Um pouco distante de nós, um reflexo avermelhado brilhava meio escondido entre algumas rochas cobertas de neve. Ele cintilava, oscilando como uma tela projetada. Eu me apressei até ele, escutando o barulho das botas de Zavian batendo com força no chão fofo e movediço atrás de mim e sua voz resmungando algo que não prestei atenção. No entanto, quando finalmente chegamos ao lugar, meu amigo calou-se e minhas palavras embolaram na garganta.

Contra todas as possibilidades, havia ali uma corrente d'água circundando o sopé do monte e serpenteando para dentro da rocha do outeiro como uma minhoca perfurando a terra. Toda água devia estar congelada naquela temperatura, mas aquela era líquida e cristalina, e podíamos avistar até mesmo o leito escuro do curso d'água. Como o sol já começava a apagar-se, a luz da estrela que havia nos guiado até os Montes repercutia na água, fazendo um reflexo avermelhado luzir na tela branca ao seu redor.

Onde o riacho adentrava no outeiro, havia uma passagem de não mais de um metro de largura, um pequeno túnel pelo qual a água baldeava para dentro da rocha. Uma pessoa passaria por ali, mas teria que entrar no riacho e aquele córrego devia estar fatalmente gelado. Debaixo do olhar preocupado de Zavian, eu tirei uma luva e abaixei-me na margem da corrente d'água, estendendo a mão para tocá-la. Quase pulei de susto ao sentir que, ao invés de frio, o líquido estava morno como o de uma piscina termal.

— Você não pode estar pensando nisso. — Zavian murmurou, incrédulo, entendendo o que eu iria fazer.

— Este é o caminho — afirmei, fascinada. 

Eu levantei e larguei a mochila no chão, preparando minha alma para entrar ali, certa de que Lys havia encontrado aquele lugar.

— Droga, Selene. — Zavian rosnou, bufando antes de também soltar na neve a bagagem que trazia nas costas.

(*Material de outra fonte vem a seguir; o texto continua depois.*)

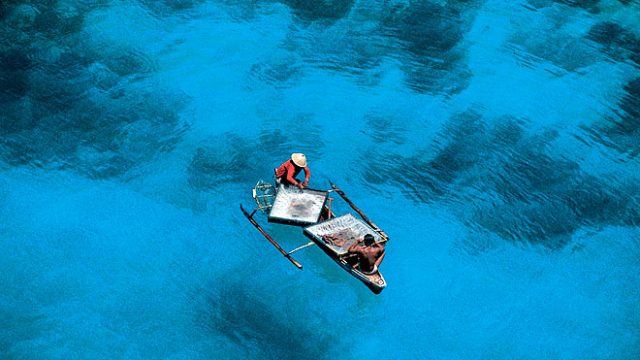 One little shack slapped together with foraged pieces of mismatched timber announced a salon, where hip Bajau could get hair extensions and colour their hair. We stepped over a low fence that demarcated the limits of the shanty. Beyond the fence, a long lineup of resorts fringed the clean beach. White bodies lay inert on deck chairs, with glasses of drinks and bottles of lotion within reach. At the far end of the beach, a group of Malaysian police, in their telltale blue uniforms, sat chatting in the shade of a tree.
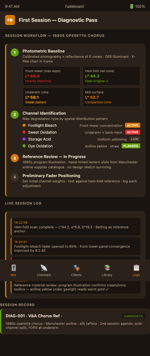 Build the session log as you go, not after. The AIC's Technical Studies Group standards for dye analysis in textile conservation specify that analytical sequencing and results should be recorded contemporaneously to prevent retrospective rationalization. (TSG Chapter V: Analysis and Testing Methods for Textiles — AIC Conservation Wiki) In a Fadeboard session, this means logging each fader change as you make it, with a brief note on the reasoning. The session log is a permanent archive record; a post-hoc reconstruction is not.
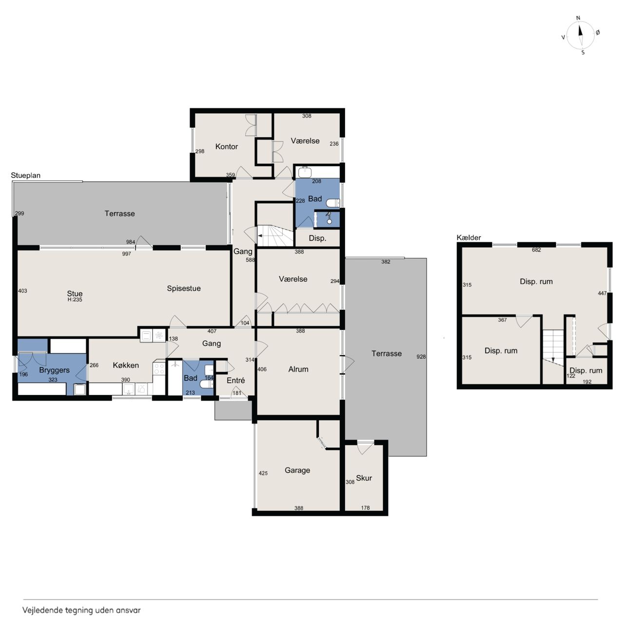 Kælderen er der adgang til både fra stueplan og udefra. Her er der indrettet med indgang, viktualierum, værksted og stort multirum.
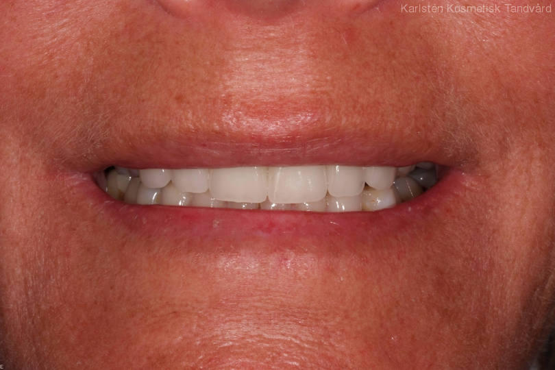 6 gamla plastfasader med inflammation i tandköttet pga dåliga skarvar. Behandling: Generell blekning samt 6 porslinsfasader.
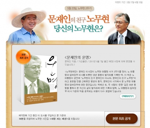 한편 알라딘은 노무현과 참여정부의 이야기를 담아 기대를 모으고 있는 문재인 전 비서실장의 신작 <문재인의 운명>을 함께 조명하며 해당 도서의 서문을 최초로 단독 공개했다.
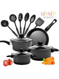 Juego de ollas de 30 piezas, juego de utensilios de cocina de aluminio antiadherentes de 30 piezas (con guantes), juego de ollas, juego de utensilios de cocina, que incluye cuatro tamaños diferentes de ollas, todas con tapas de vidrio transparente, varias formas de sartenes y bandejas para hornear, tapetes para ollas y guantes aislantes del calor para evitar quemaduras, el revestimiento antiadherente no requiere el uso de mucho aceite o mantequilla, reducción de grasa saludable,#6 Más vendidos
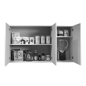Especificações Técnicas: Material da estrutura: MDP Acabamento: Pintura U.V Brilhante Número de Porta: 3 Número de Gaveta: Não Possui Número de Prateleira: 2 Material do puxador: Plástico Pés: Suspenso Material da corrediça: Não Possui Material da dobradiça: Metálica Tipo de porta: Bater. Necessita montagem: Sim Peso máximo que suporta: 30kg

O som da mochila caindo no chão me assustou e eu o encarei, surpresa e rendida. Céus, ele iria mesmo comigo.

— Zavian, por favor, não. — Eu implorei, aproximando-me rapidamente e segurando seus ombros. Ignorei nossos rostos a somente alguns centímetros de distância outra vez. — Você não precisa fazer isso. Já me trouxe aqui, não precisa se arriscar mais. Está tudo bem, eu sigo sozinha daqui, por favor.

Me observando com muita intensidade, Zavian não respondeu. Ele deixou o silêncio pairar por um segundo e, no outro, de supetão, desceu seus lábios frios e macios nos meus. 

Primeiro, eu fui tomada pela surpresa; depois, pela força do beijo. Uma das mãos de Zavian se enroscou no meu cabelo e a outra se espalmou na minha bochecha, acariciando a pele ternamente. Nem o vento forte e gelado, os estalos da montanha ou o cantar da água correndo poderiam me tirar daquele momento. A boca dele tinha gosto de saudade. Anos de espera e relutância acabaram ali. Quando nos separamos em busca de ar, eu nem sequer consegui abrir os olhos antes que sua respiração tocasse meu rosto.

Como eu poderia te deixar agora, Selene? — Ele sussurrou, afastando o rosto para me fitar. — Eu disse que não voltaria sem você. Nós vamos juntos. — E me deu um sorriso e um selinho carinhoso antes de se afastar para preparar-se para entrar na água, enquanto eu permanecia imóvel e atônita na neve.